Monday, July 09, 2007
Sunday, July 08, 2007
Finally, the guys' side of the story.
We always hear "the rules" from the female side. Now here are the rules from the male side.
1) Men are NOT mind readers.
2) Learn to work the toilet seat. You're a big girl. If it's up, put it down. We need it up, you need it down. You don't hear us complaining about you leaving it down.
3) Sunday sports. It's like the full moon or the changing of the tides. Let it be.
4) Shopping is NOT a sport. And no, we are never going to think of it that way.
5) Crying is blackmail.
6) Ask for what you want. Let us be clear on this one! Subtle hints do not work! Strong hints do not work! Obvious hints do not work! Just say it!
7) Yes and No are perfectly acceptable answers to almost every question.
8) Come to us with a problem only if you want help solving it. That's what we do. Sympathy is what your girlfriends are for.
9) A headache that lasts for 17 months is a problem. See a doctor.
10) Anything we said 6 months ago is inadmissible in an argument.
In fact, all comments become null and void after 7 Days.
11) If you won't dress like the Victoria's Secret girls, don't expect us to act like soap opera guys.
12) If something we said can be interpreted two ways and one of the ways makes you sad or angry, we meant the other one.

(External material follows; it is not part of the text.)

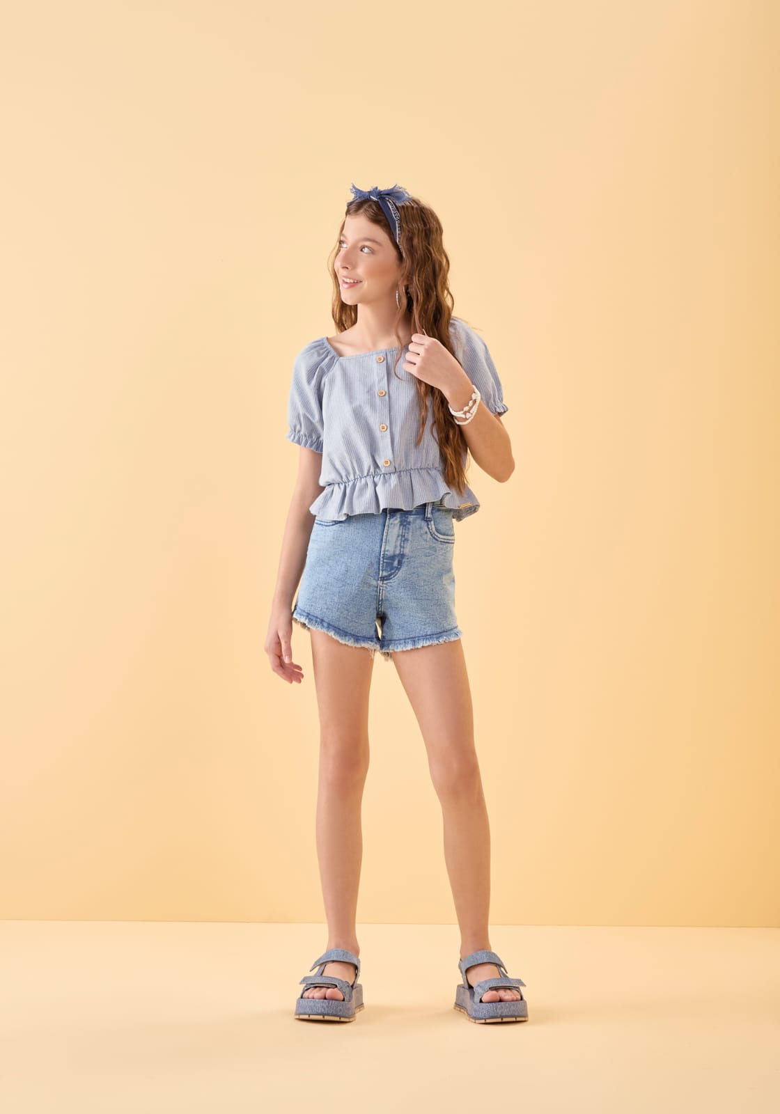 O Shorts Jeans Marmorizado é perfeito para quem busca estilo, conforto e caimento impecável. Confeccionado em jeans com 40% de elasticidade, oferece ajuste ideal ao corpo sem perder a mobilidade. O design conta com cintura alta, lavagem marmorizada e barra desfiada, que trazem um toque moderno e despojado. Ideal para compor looks casuais e urbanos com muito estilo.
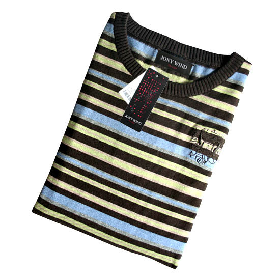 3.[特]JONY WIND 08秋冬新款双色条纹长袖圆领百搭针织衫NN85932 。。市场价428元,团84元

13) You can either ask us to do something or tell us how you want it done. Not both. If you already know best how to do it, just do it yourself.

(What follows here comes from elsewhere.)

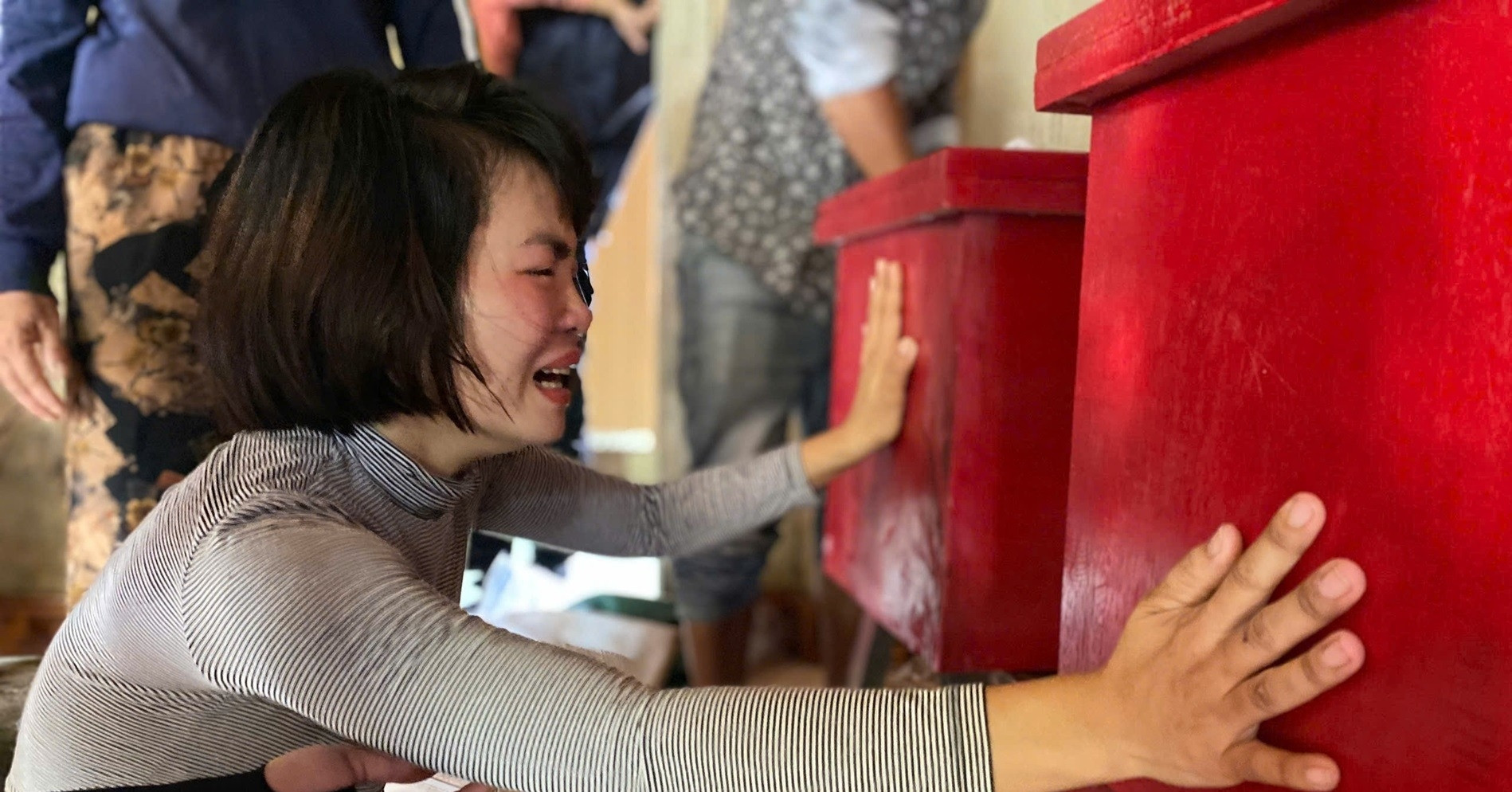 Bên trong căn nhà cấp 4, những tiếng khóc than khiến ai nấy quặn lòng. Chị Tưởng cùng 3 con gái thảm thiết gọi tên các cháu Q. và T. trong nỗi tuyệt vọng.

14) Whenever possible, please say whatever you have to say during commercials.
15) Christopher Columbus did NOT need directions and neither do we.
16) ALL men see in only 16 colors, like Windows default settings. Peach, for example, is a fruit, not a color. Pumpkin is also a fruit. We have no idea what mauve is.
17) If it itches, it will be scratched. We do that.
18) If we ask what is wrong and you say "nothing," we will act like nothing's wrong. We know you are lying, but it is just not worth the hassle.
19) If you ask a question you don't want an answer to, expect an answer you don't want to hear.
20) When we have to go somewhere, absolutely anything you wear is fine.......Really.
21) Don't ask us what we're thinking about unless you are prepared to discuss such topics as baseball, the shotgun formation, or golf.
22) You have enough clothes.
23) You have too many shoes.
24) I am in shape. Round IS a shape!
Thank you for reading this. Yes, I know, I have to sleep on the couch tonight, but did you know men really don't mind that? It's like camping.
Wednesday, July 04, 2007
DICTIONARY FOR DECODING WOMEN'S ENGLISH:
1. Yes = No
2. No = Yes
3. Maybe = No
4. We need = I want
5. I am sorry = You'll be sorry.
6. We need to talk = You're in trouble.
7. Sure, go ahead = You had better not.
8. Do what you want = You will pay for this later.
9. I am not upset = Of course, I am upset, you moron!
10. You're certainly attentive tonight = Is sex all you ever think about?
DICTIONARY FOR DECODING MEN'S ENGLISH:
1. I am hungry = I am hungry!
2. I am sleepy = I am sleepy!
3. I am tired = I am tired!
4. Nice dress = Nice cleavage!
5. I love you = Let's have sex now.
6. I am bored = Do you want to have sex?
7. May I have this dance? = I'd like to have sex with you.
8. Can I call you sometime? = I'd like to have sex with you.
9. Do you want to go to a movie? = I'd like to have sex with you.
10. Can I take you out to dinner? = I'd like to have sex with you.
11. I don't think those shoes go with that outfit. = I'm gay!!!